Hobie paused, his eyes fixed on the fire. I didn’t want to hear his monologue, and yet I felt I needed to know what Grant was up against now that I knew where he was—approximately, at least.

“I tried to give him some pointers. And maybe he did do everything I told him to do. But he’s one of those guys who gets in his own way. Even if he was wearing bright colors, and even if he did carry a book of matches and extra food and half his weight in water, he might not be in the right state of mind to make the best decisions. The minute you realize you don’t know where you are, your brain and your body begin to disconnect. It’s like what happens when you’re sitting in the doctor’s office and they’re giving you a terminal diagnosis.”

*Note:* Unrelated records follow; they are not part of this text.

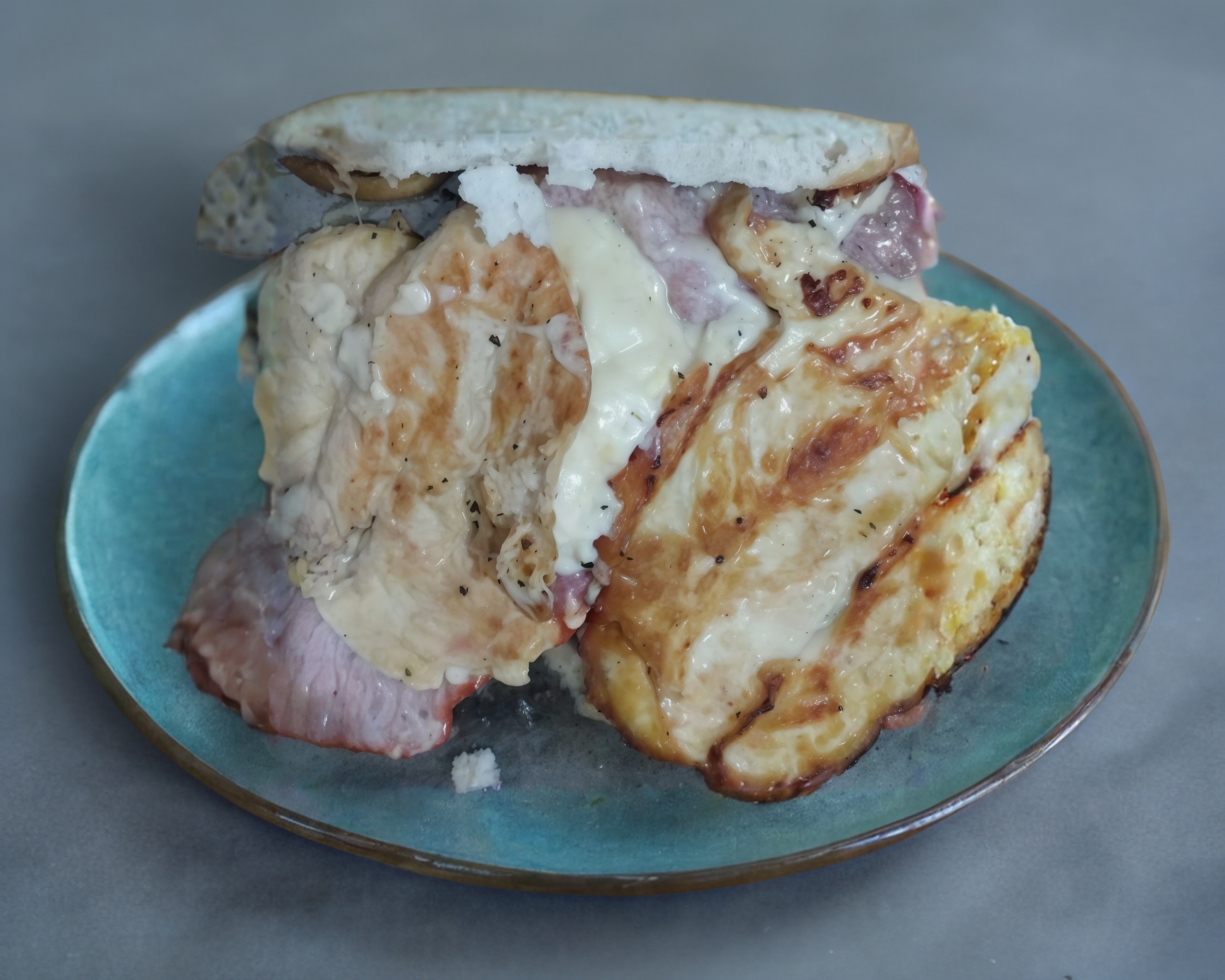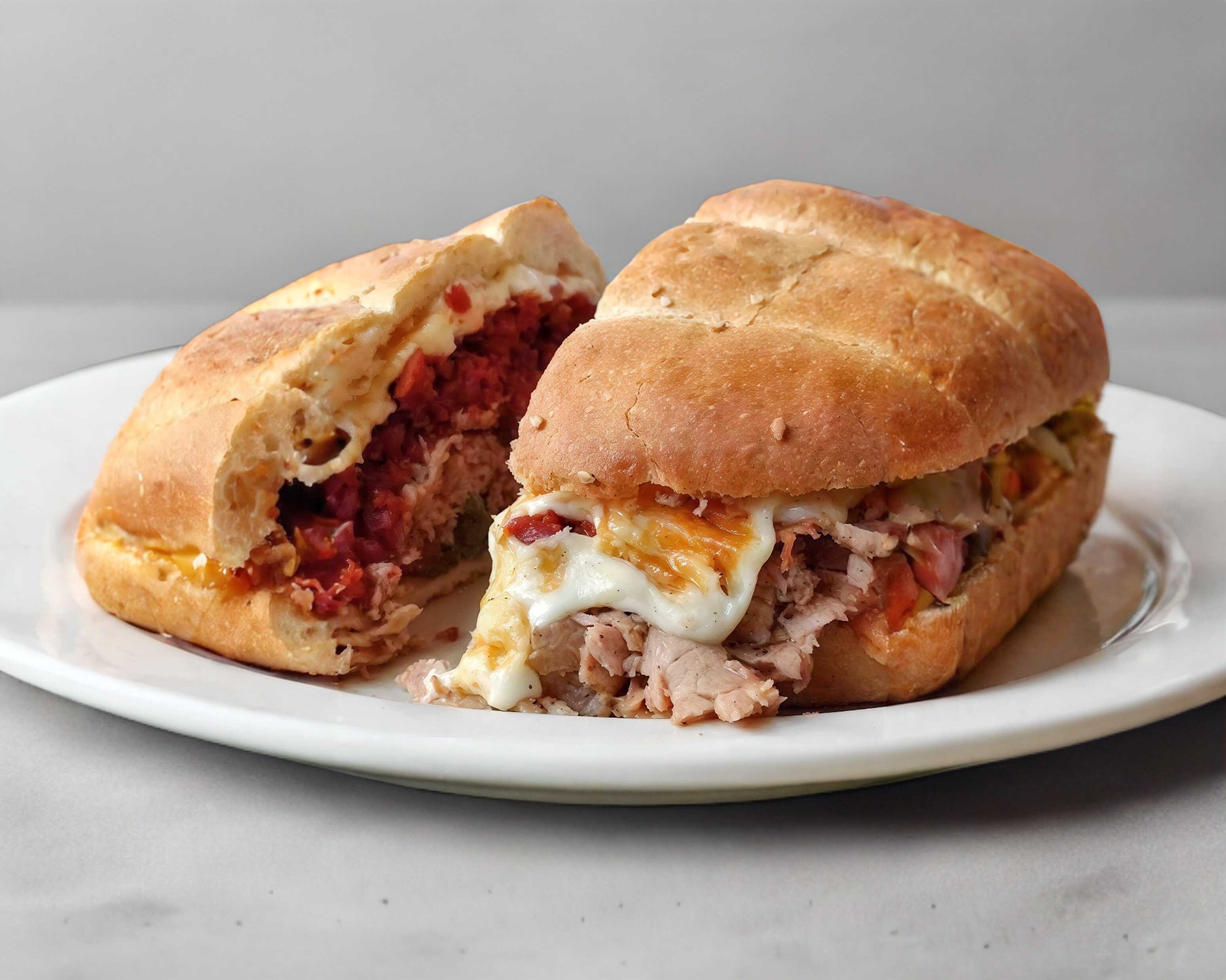 Torta gigante de milanesa de puerco con queso Oaxaca fundido.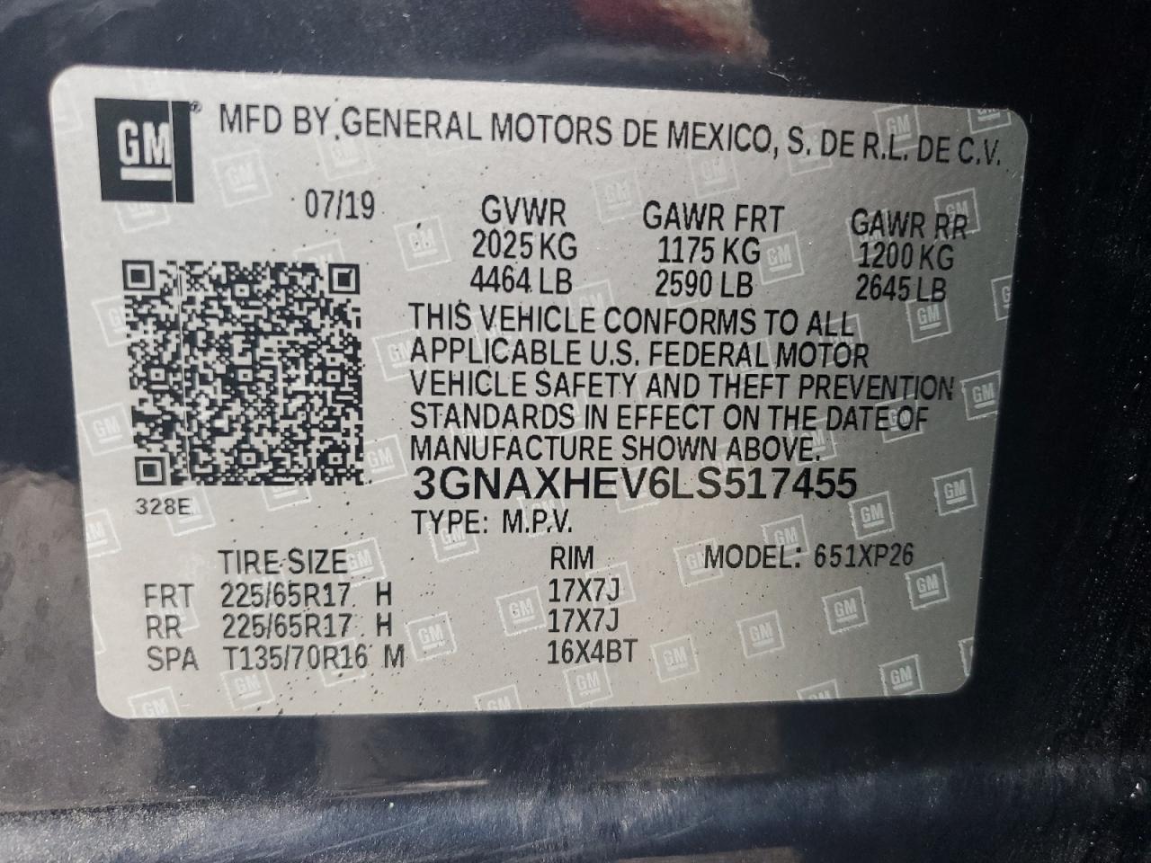 CHEVROLET EQUINOX 1.5 2020 р.в., (3GNAXHEV6LS517455) з США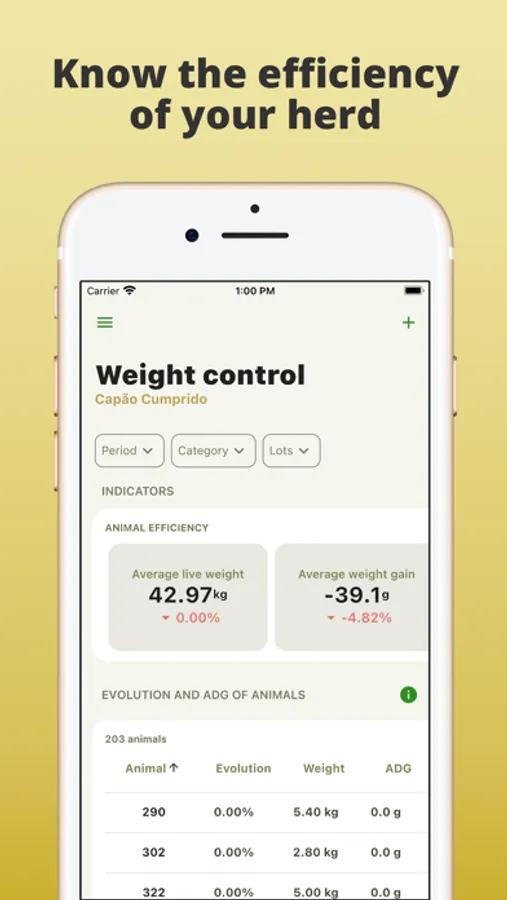 Create lots, monitor reports and organize your herd, increasing the health of your animals.
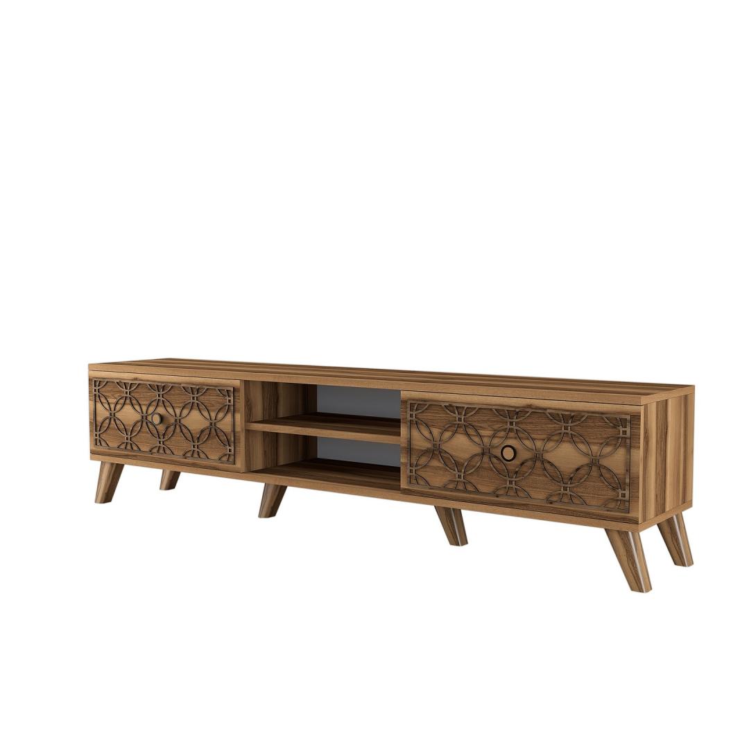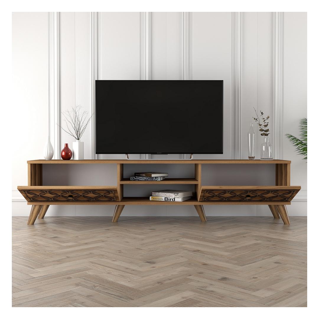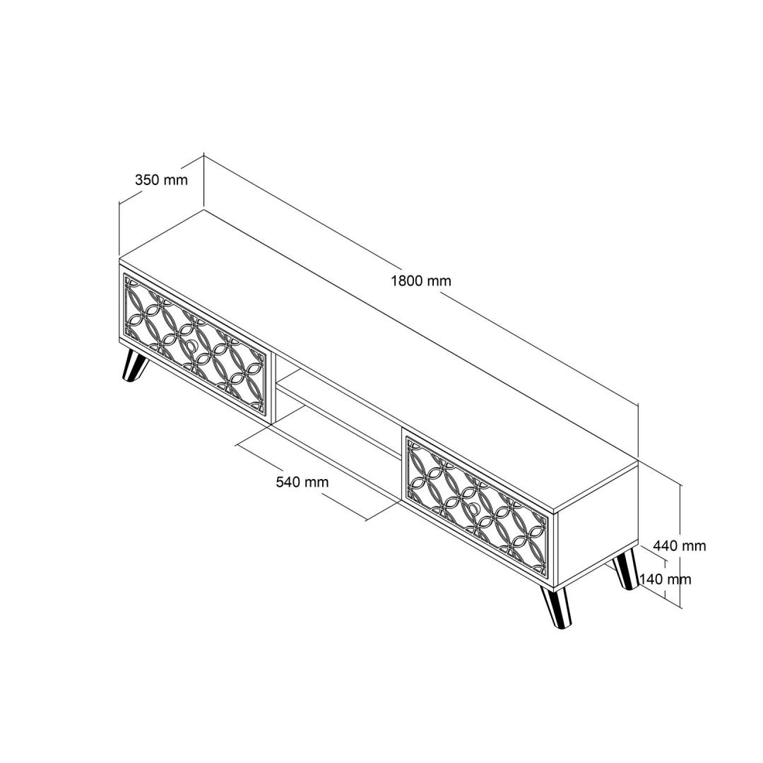 Our TV stand is made from 100% melamine coated particle board, ensuring durability and longevity. The 18mm thickness and 4mm CNC relief add a touch of elegance to its design, making it a standout piece in any room.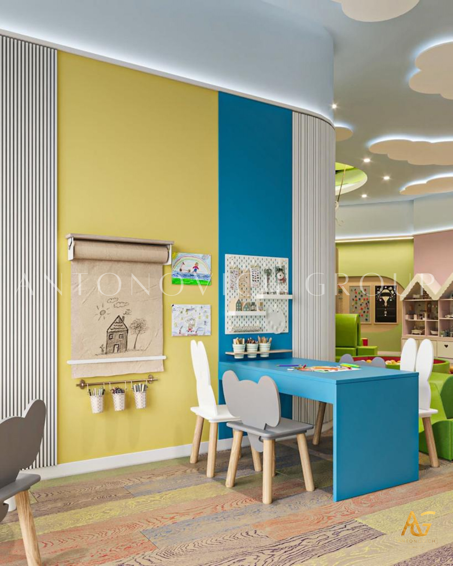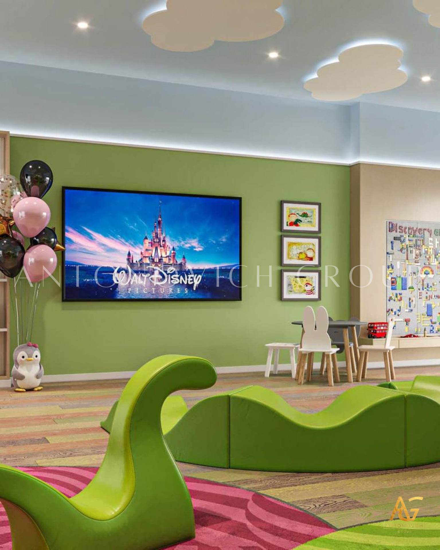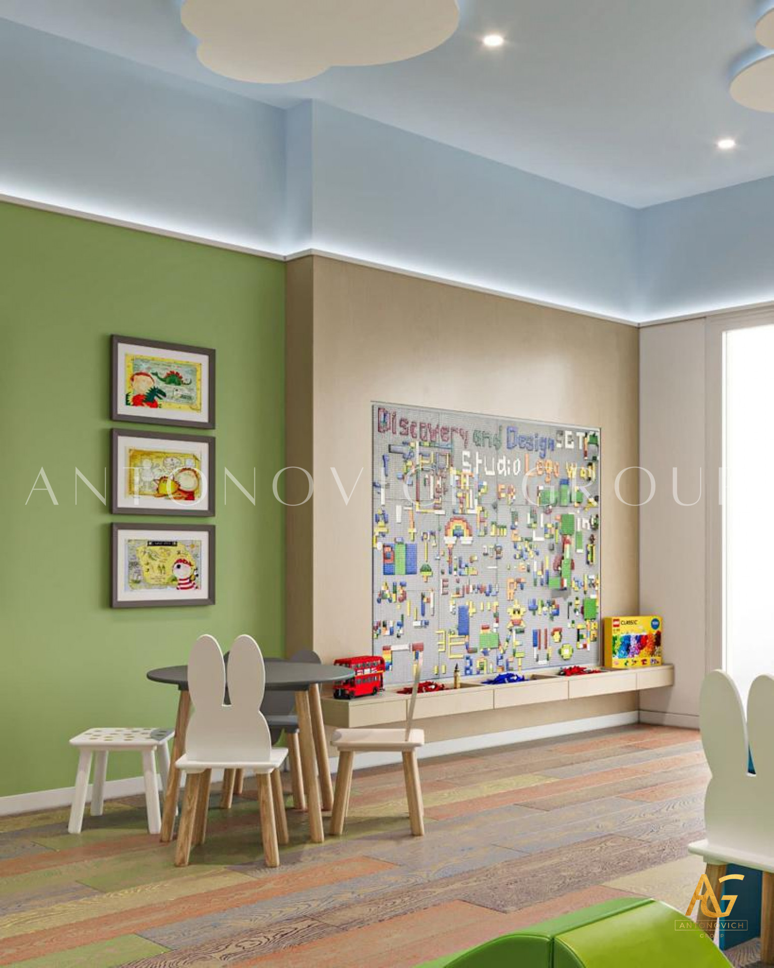 From the initial sketches to the final brushstroke, Antonovich Group has embarked on a journey to create more than just a playroom; they've designed a wonderland. Every corner is thoughtfully curated to ignite the spark of creativity, transporting children to a realm where their imaginations can take flight.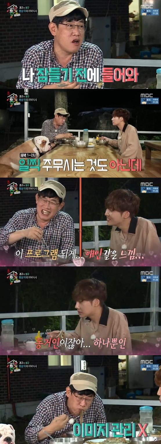 22일 오후 방송된 MBC 예능프로그램 '발칙한 동거 빈방 있음'에서는 이경규가 저녁 약속이 있는 성규의 귀가를 신경 쓰는 모습이 그려졌다.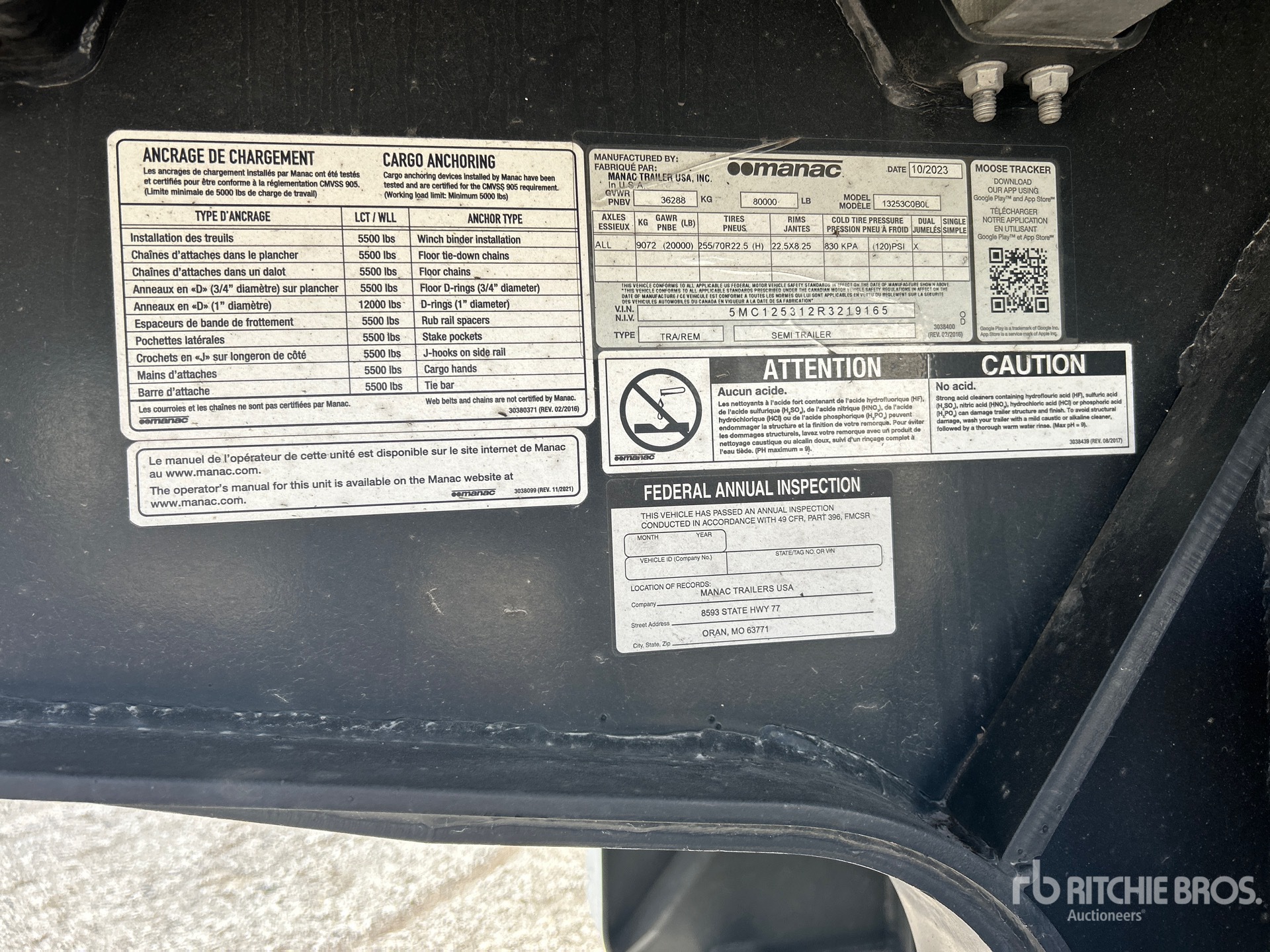 The detailed equipment information is limited in scope, and Ritchie Bros. Auctioneers has not inspected any aspects or components of the equipment other than those expressly set forth herein. Unless expressly stated, we make no representations or warranties, express or implied, concerning the equipment or its components, including without limitation any representations or warranties concerning functionality, conformity or compliance with any safety standard or requirement of any applicable authority or regulatory body, fitness for any particular purpose, or merchantability. You are strongly advised to perform your own detailed inspection of the equipment prior to bidding.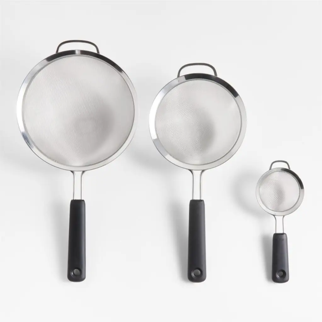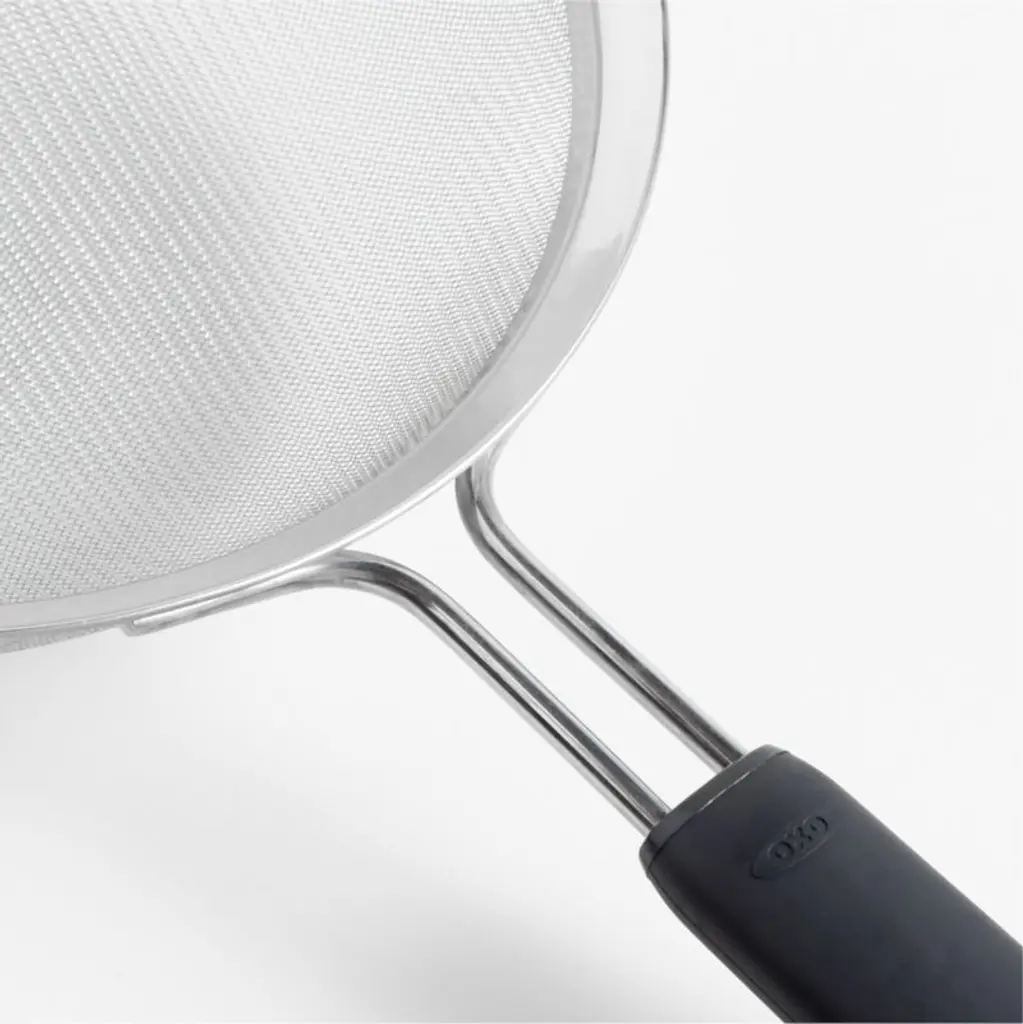 A strainer comes in handy so often, from sifting dry ingredients for cookies to draining pasta to rinsing broccoli. Stainless steel shapes a fine mesh bowl attached to a nonslip handle with a sturdy double-rod design. The wide rim and loop stabilize the sieve when it's placed over a pan or bowl. The mini strainer cleans up easily in the dishwasher between uses.OXO has been creating practical and accessible kitchen tools for over 30 years.

Coco said firmly, “Hobie, stop scaring Kim. She’s right here. Maybe you should tone it down—”

“Me? You were just telling Kim that you think Grant was having an affair. How is that any easier to handle? You’re in no position to talk about protecting Kim’s feelings.”

“You know all about affairs, don’t you?”

I interrupted their argument. “It’s not like all these possibilities haven’t been running through my mind. It’s all I think about. For the past three days, I’ve been trying to put myself in his shoes. That’s what’s so exhausting, not knowing what he’s thinking, or if he’s okay.”

“I’ll tell you one thing, Kim,” Hobie said, locking eyes with me. “This will change him for good. Because the thing about fear is it’s also a form of pleasure. You produce dopamine when you’re scared. It’s a natural high. The darkness becomes desire. To get lost in the landscape is like getting lost in emotion. Something bad happens and it becomes a place in your mind, a place you don’t want to return to, so you avoid going back to it, even if it’s the only place you really can be found, the only place that makes sense.”

I realized he might as well have been talking about Grant’s earlier episodes, and I became aware for the first time, on a deeper level, that when he ran, he wasn’t running from me; he was running to a place he could feel safe.

“You can take just a few steps off the trail, and you might never find your way back again. It all starts with the sense that something might be wrong, but you ignore it—and then it’s too late.”

“That’s enough for me,” I said. “Thanks for dinner, you guys. My daughters are coming tomorrow and I need to get the place ready.” As I stood to go back to Basil’s condo, Hobie said, “Oh, wait. I have something for you.”

“For me? What?”

“When I left, Brady asked me to give you the backpack. He doesn’t need it anymore.”

“Hobie, are you kidding me? You’ve had it this whole time and you’re just telling me now? It’s been sitting in your car?”

“I’m giving it to you now.” He shrugged. “Look, I’m beat. I hiked fourteen miles today. I picked it up at the ranger station for you, and this is the thanks I get? Do you want to read it or not?”

He held out the tattered Moleskine. I knew that whatever was inside would either hold the answers I’d been desperate for—or leave me with even more questions.